Избранное. Логика мифа - Голосовкер Яков Эммануилович. Страница 31
1. Логика чудесного в эллинском мифе (Движение образа)
1.1. Логика чудесного
Чудесный мир эллинской мифологии насквозь материален и чувствен. В нем все духовное, идеальное, ментальное — вещественно. В нем даже метафоры, тропы и фигуры суть вещи. И наоборот, в нем все вещественное может обнаруживаться как идеальное, оставаясь трехмерным, не выходя из ограниченности космоса. Оно может стать вне естественных законов чувственного мира — вне категорий его пространства, времени, причинности. Сохраняя всю видимость логических отношений и связей, оно может действовать не согласуясь с положениями формальной логики и не в силу софистики, а в силу своих особых якобы «алогических» законов мифа. Они сверхъестественны для здравого смысла, приноровленного к системе данных пространственно-временных и каузальных отношений, и естественны для мира чудесного. И при всем этом никакой трансцендентности — потусторонности, никакой метафизики. Наоборот, — бог, душа, само бессмертие в этом мире чудесного телесны, физичны. Тень смертного в аиде — не беспредметный предмет (не амфиболия Канта). Хотя она телесно неосязаема, «бесплотна», она все же существо: она обоняет, она вкушает кровь жертвенного животного.

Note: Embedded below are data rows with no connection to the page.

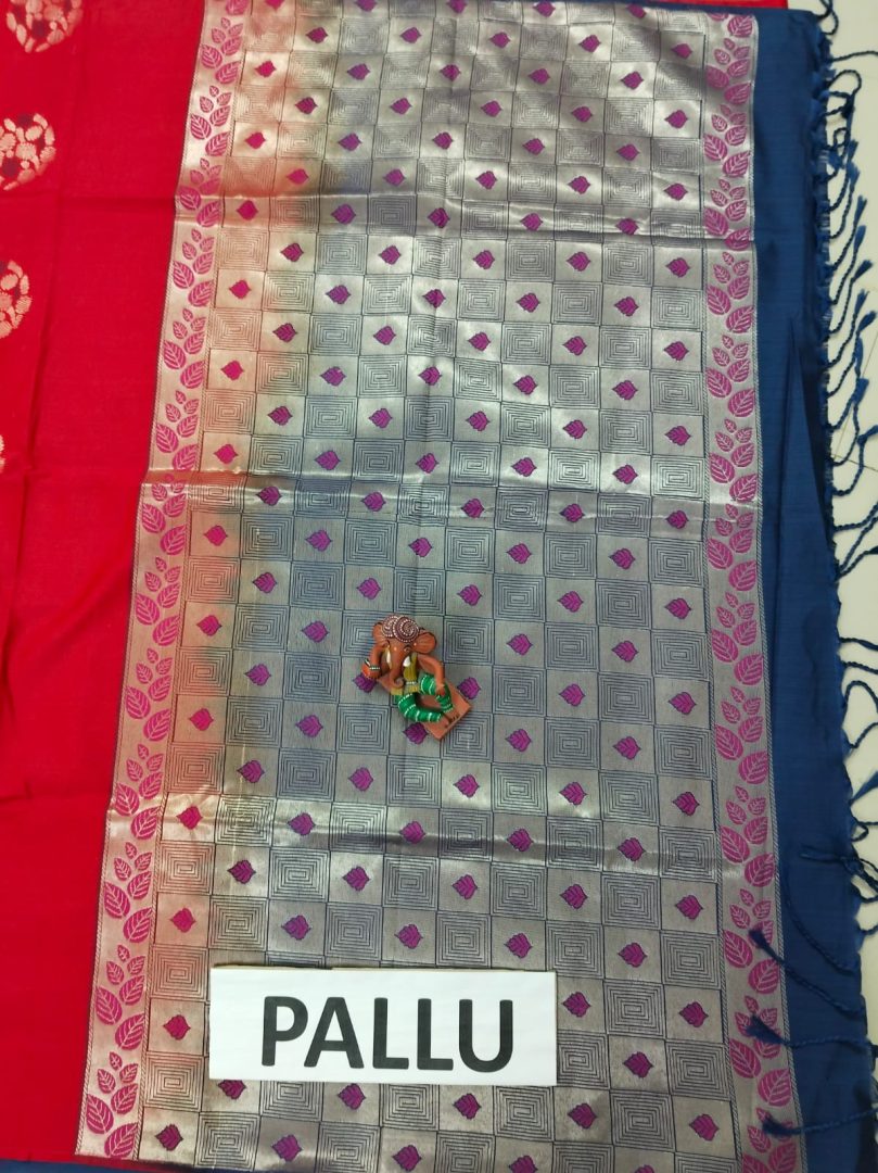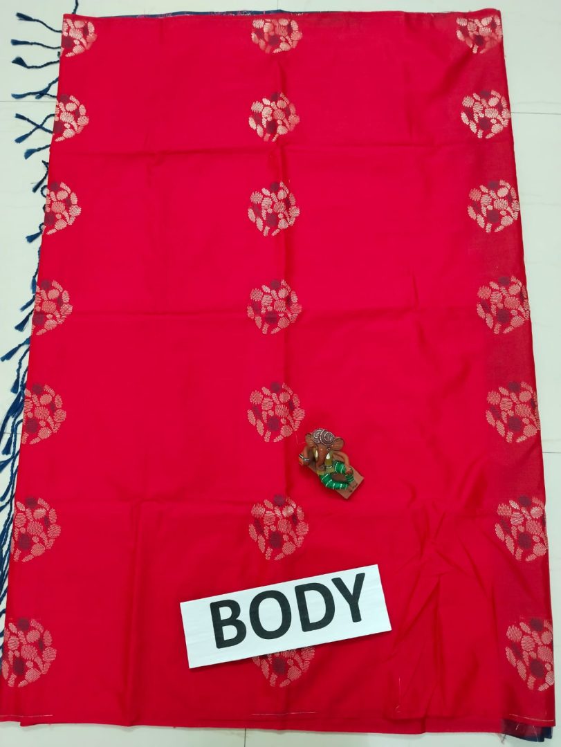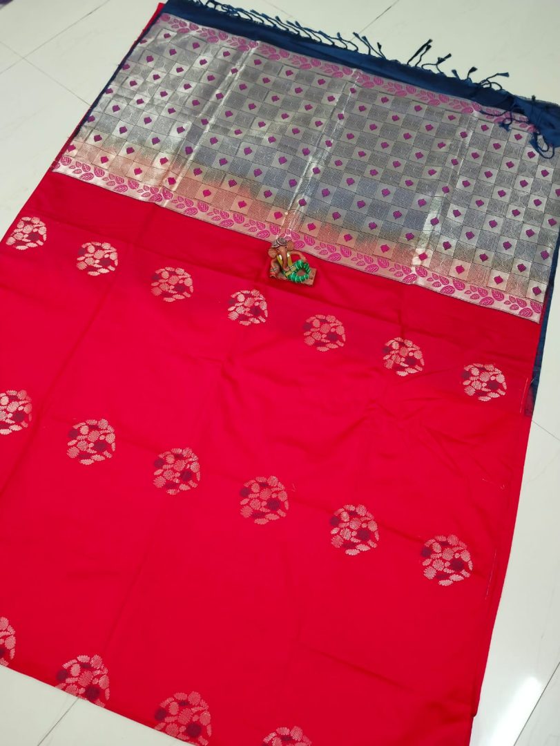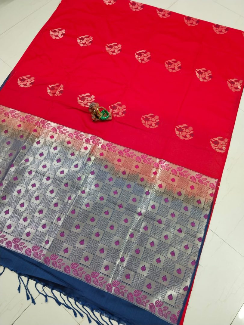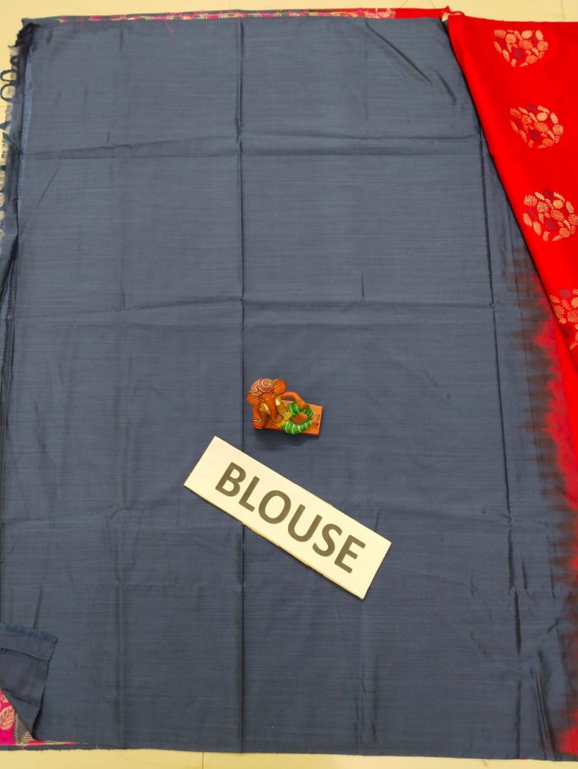 Color : Red Saree with Navy Blue Plain Blouse and Silver Zari Border.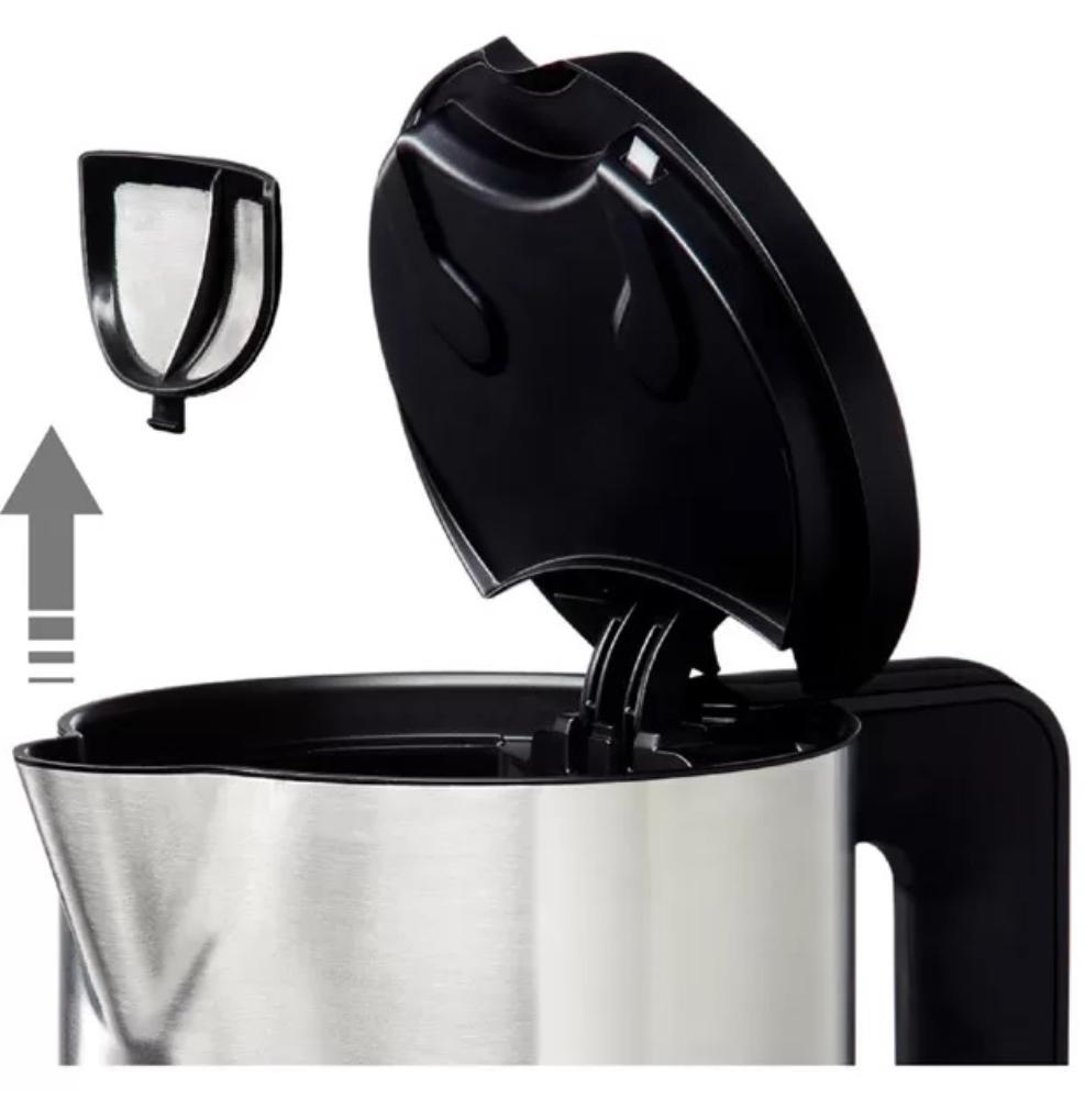| Opis | 360° podstavak Dno od nerđajućeg čelika - pokriveni grejači Uklonjiv filter za vodeni kamenac od nerđajućeg čelika Prikaz popunjenosti posude sa obe strane kućišta Otvaranje poklopca sa pritiskom na dugme Zaključavanje poklopca Zaštita od pregrevanja Easy storage: Namotavanje kabla |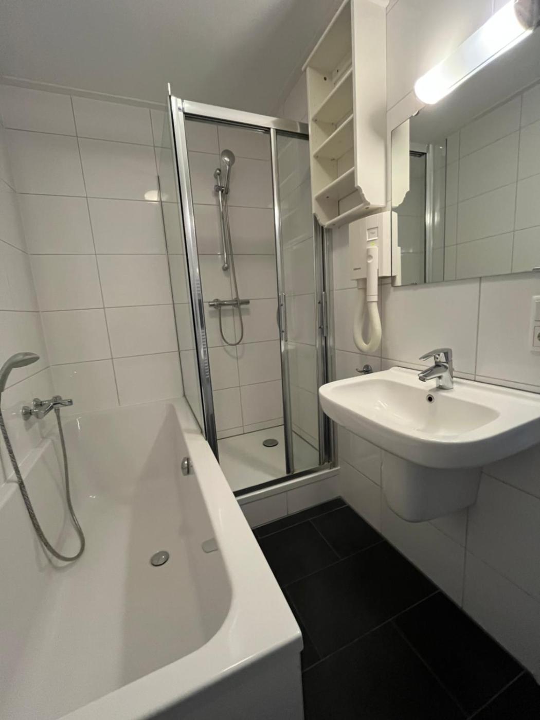 Studio. The studio features a coffee machine, a dining area, as well as a private bathroom boasting a bath and a shower. Guests can make meals in the kitchen that features a stovetop, a refrigerator, kitchenware and a microwave. The studio has parquet floors, a seating area with a flat-screen TV with cable channels, a washing machine, a private entrance, as well as soundproof walls. The unit has 1 bed. ;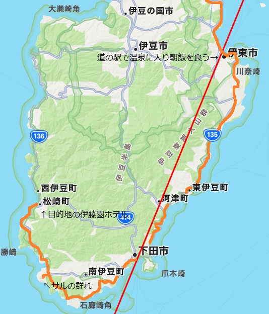 下田からは南西方位に入ったが、おれは伊東からのルートも南西方位で行動していると勘違いしていた。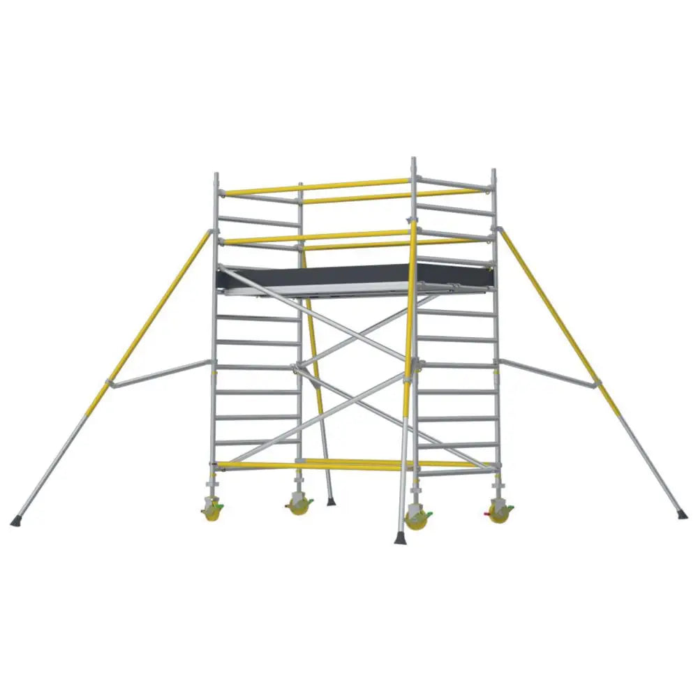 Robust och lättmonterad rullställning (1,4x2,5 m) med överlappande stagning och genomtänkta lösningar för säkrare jobb. Komplett med två plattformar och lutande trappstege varannan meter, två topplattformar, sparklist, justerbara hjul (200 mm) och stödben. Extra säker montering tack vare 1-meters ramar i botten som ger skydd på två sidor vid montering av nästa sektion. Stor arbetsyta (2,4x1,3 m) på översta plattformen och speciallucka för enkel uppstigning till översta planet. Mjukt formade profiler, låsklor med ergonomiskt två-finger-grepp och färgkodade delar för enklare transport, hantering och montering. Kan enkelt byggas på till önskad höjd med påbyggnadspaket.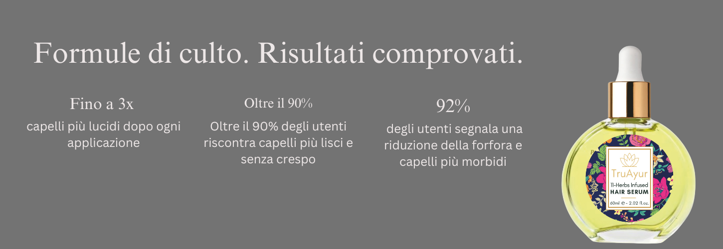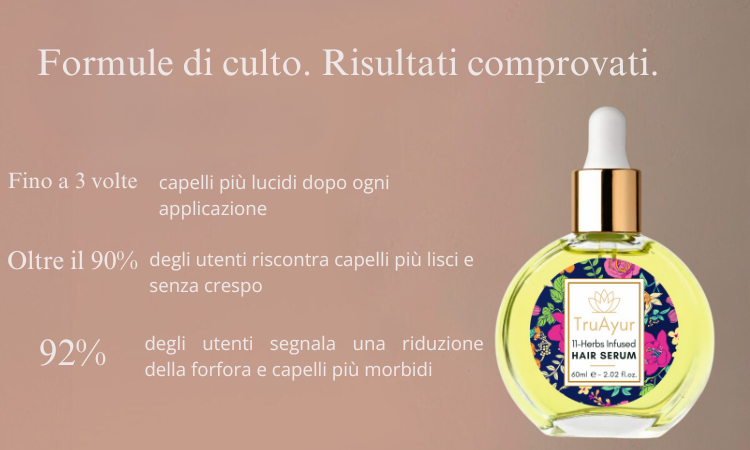 Concedetevi la sinergia di eccellenza botanica e innovazione moderna con il siero per capelli ayurvedico: un rituale rivitalizzante per capelli forti, sani e meravigliosamente lucenti.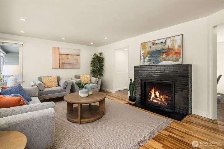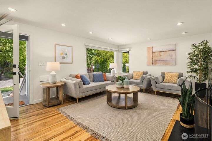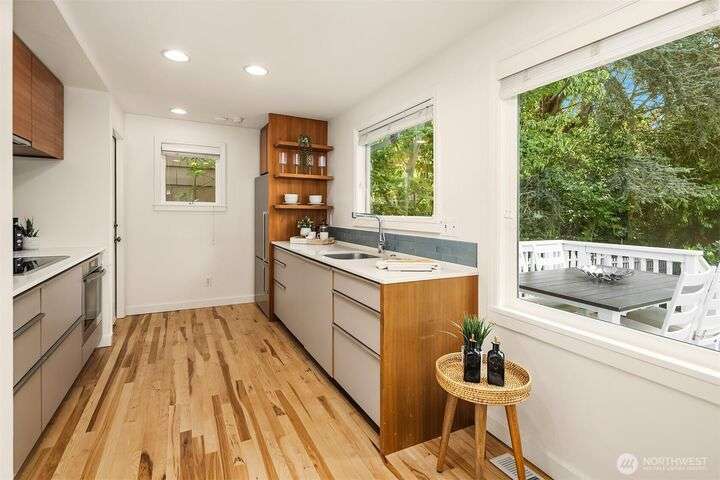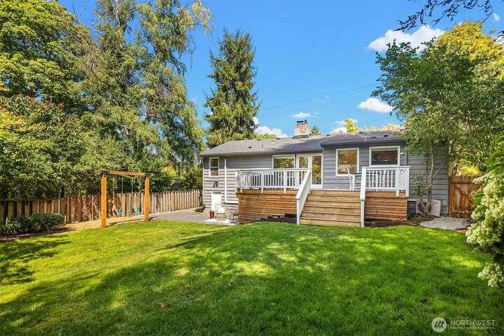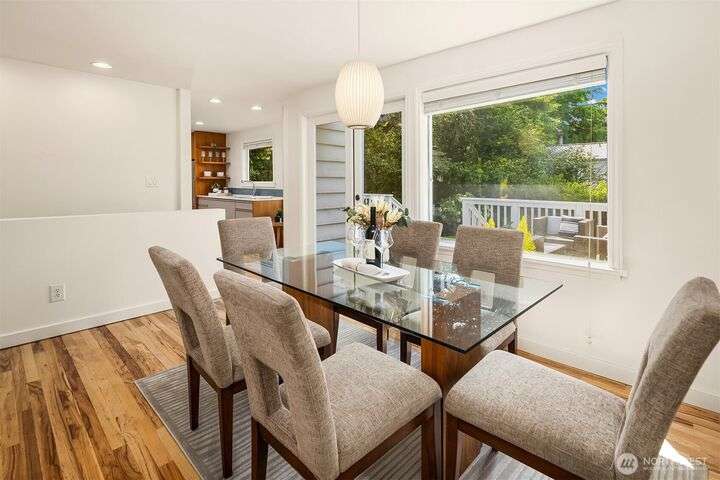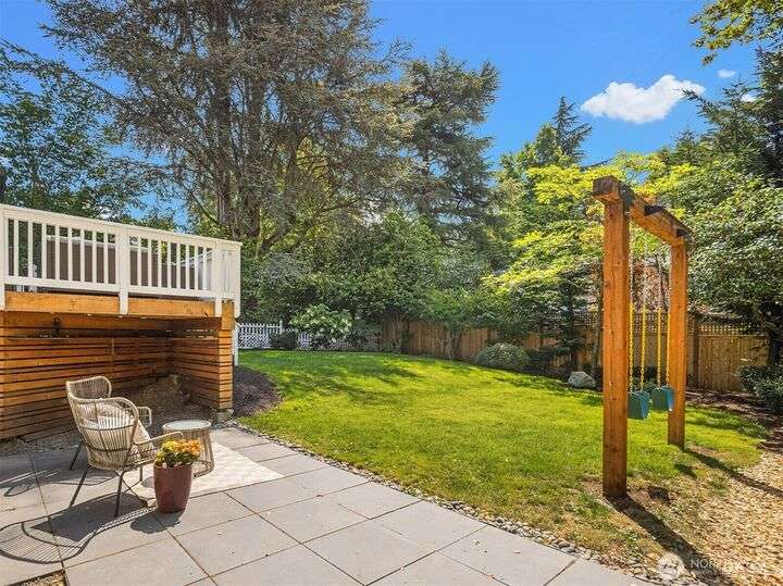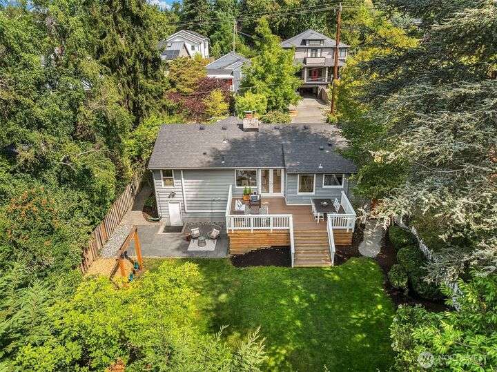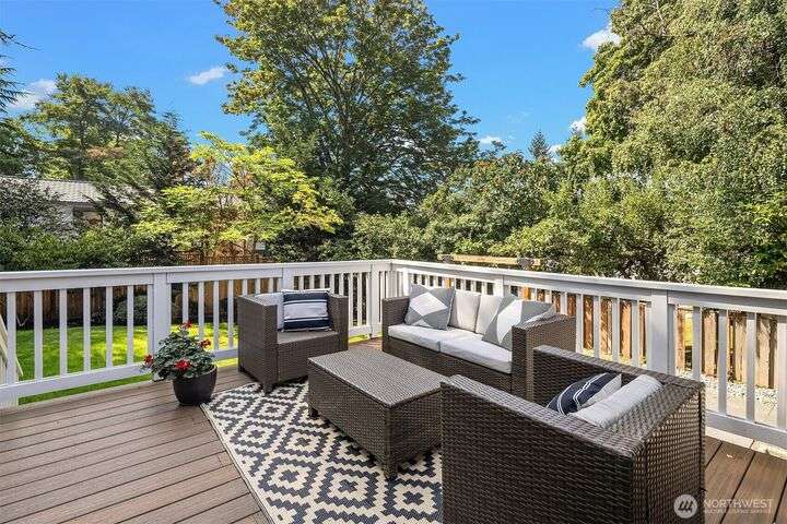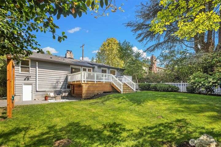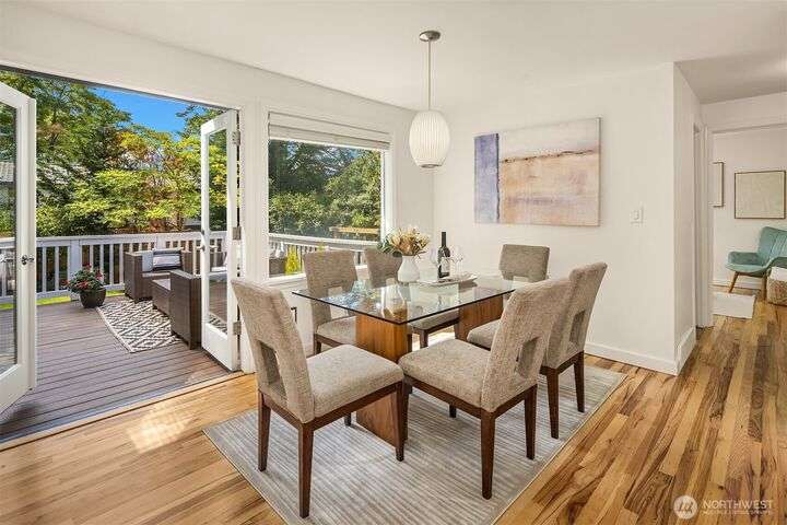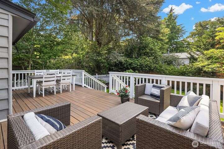 Hawthorne Hills home with charming deck & backyard, just an easy walk to Burke-Gilman Trail & Metropolitan Market + easy access to U-Village, Magnuson Park, & other amenities. This well-loved & maintained home has a bright & functional layout. A covered front porch opens to the main living space featuring hardwood floors, large picture window + cozy fireplace & flows into the dining area & kitchen with French doors to backyard, deck, & lower patio. The home has 3 bedrooms up & a renovated full bath with heated floors. The daylight basement offers a family room, 4th bedroom, additional bathroom with laundry/utility area, & extra storage. Relax & entertain in the south-facing, private & sunny backyard. 1-car garage + off street parking.

Она теряет память, пролетая мимо Белого утеса (λενκη πετρα) пред входом в царство Аида, но, вкусив кровь, выходит из состояния забытая — к ней возвращается память; она говорит, предвещает, но тщетно пытаться живому Орфею или Одиссею обнять тень телесной рукой. Рука скользит по пустоте. Для обычной логики такая бестелесная телесность, такое подобие стилистической фигуре оксиморон есть алогизм, но в мире чудесного мифа, как и в сказке, своя логика.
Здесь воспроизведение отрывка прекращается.